You are asked to repeat the listing word for word and to leave out its pictures.

Data shown.
⁂

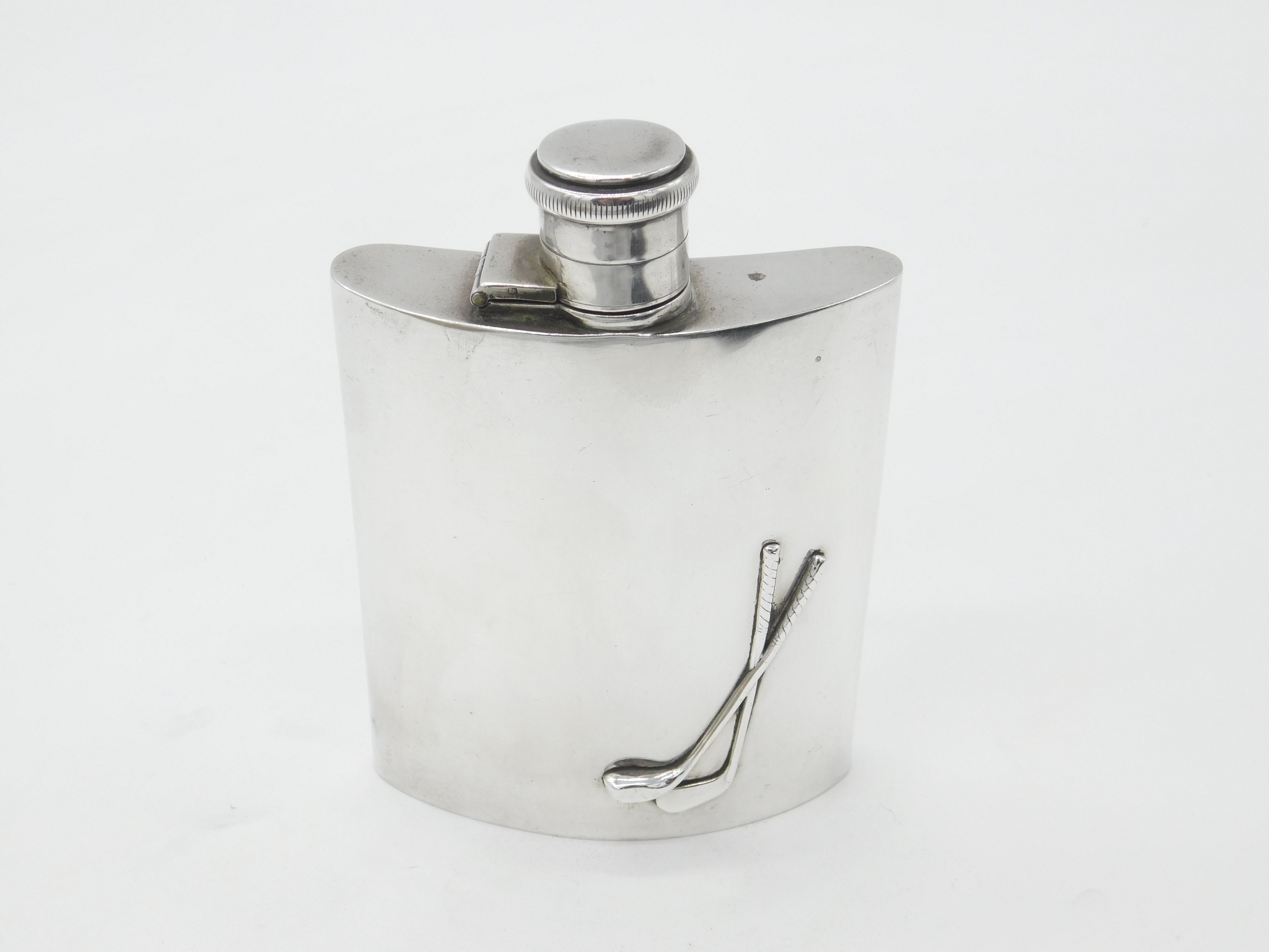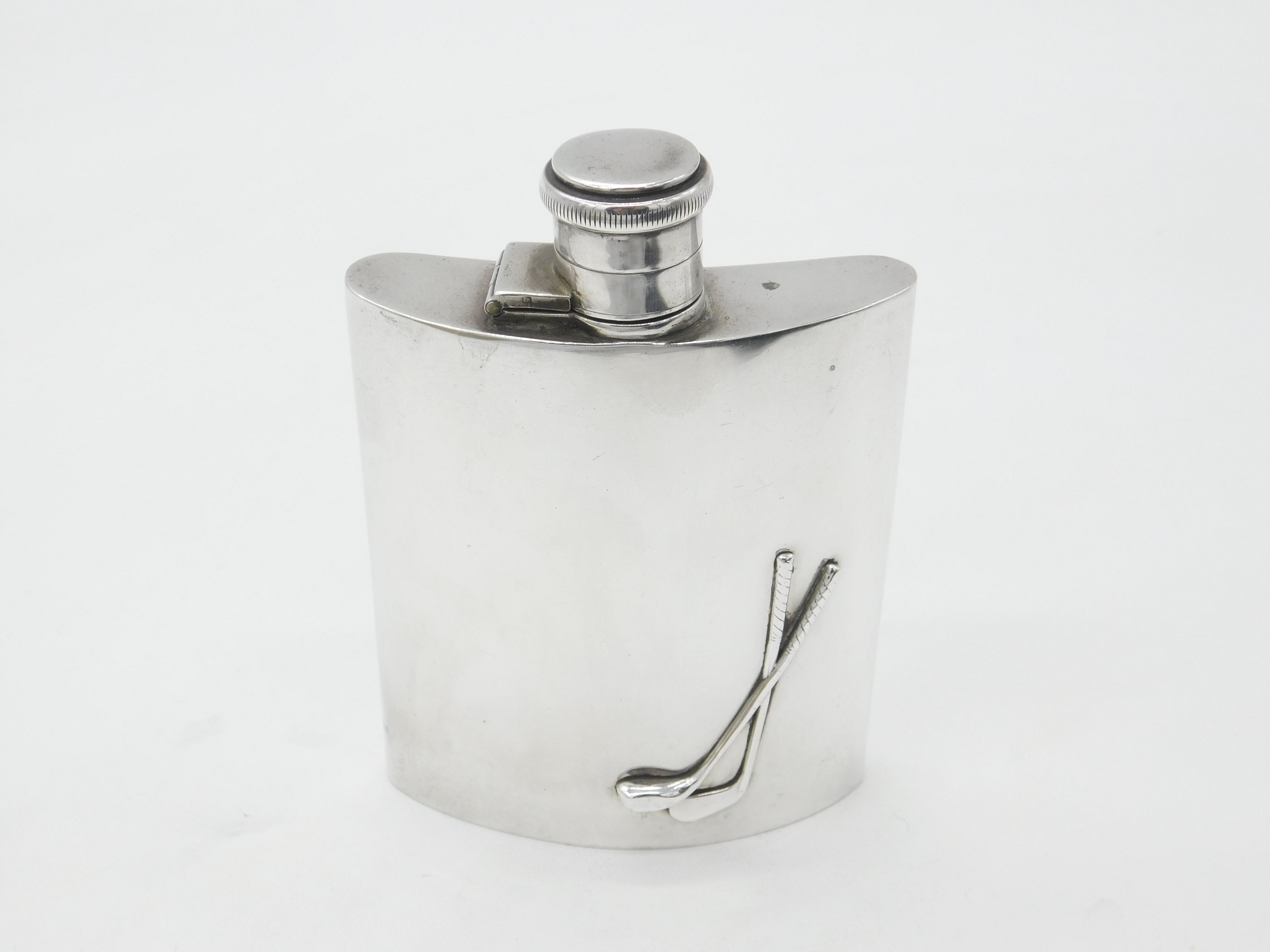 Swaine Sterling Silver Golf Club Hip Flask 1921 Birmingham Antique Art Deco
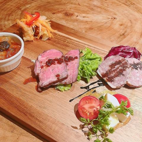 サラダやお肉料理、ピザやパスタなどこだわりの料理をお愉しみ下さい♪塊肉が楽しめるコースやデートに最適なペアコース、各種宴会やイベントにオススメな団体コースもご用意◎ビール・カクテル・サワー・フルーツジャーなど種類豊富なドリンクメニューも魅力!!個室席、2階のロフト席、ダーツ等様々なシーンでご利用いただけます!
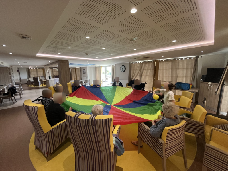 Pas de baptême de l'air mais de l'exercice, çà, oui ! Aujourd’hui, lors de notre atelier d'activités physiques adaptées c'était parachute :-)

⁂

Completed task.
 Swaine Sterling Silver Golf Club Hip Flask 1921 Birmingham Antique Art Deco
 サラダやお肉料理、ピザやパスタなどこだわりの料理をお愉しみ下さい♪塊肉が楽しめるコースやデートに最適なペアコース、各種宴会やイベントにオススメな団体コースもご用意◎ビール・カクテル・サワー・フルーツジャーなど種類豊富なドリンクメニューも魅力!!個室席、2階のロフト席、ダーツ等様々なシーンでご利用いただけます!
 Pas de baptême de l'air mais de l'exercice, çà, oui ! Aujourd’hui, lors de notre atelier d'activités physiques adaptées c'était parachute :-)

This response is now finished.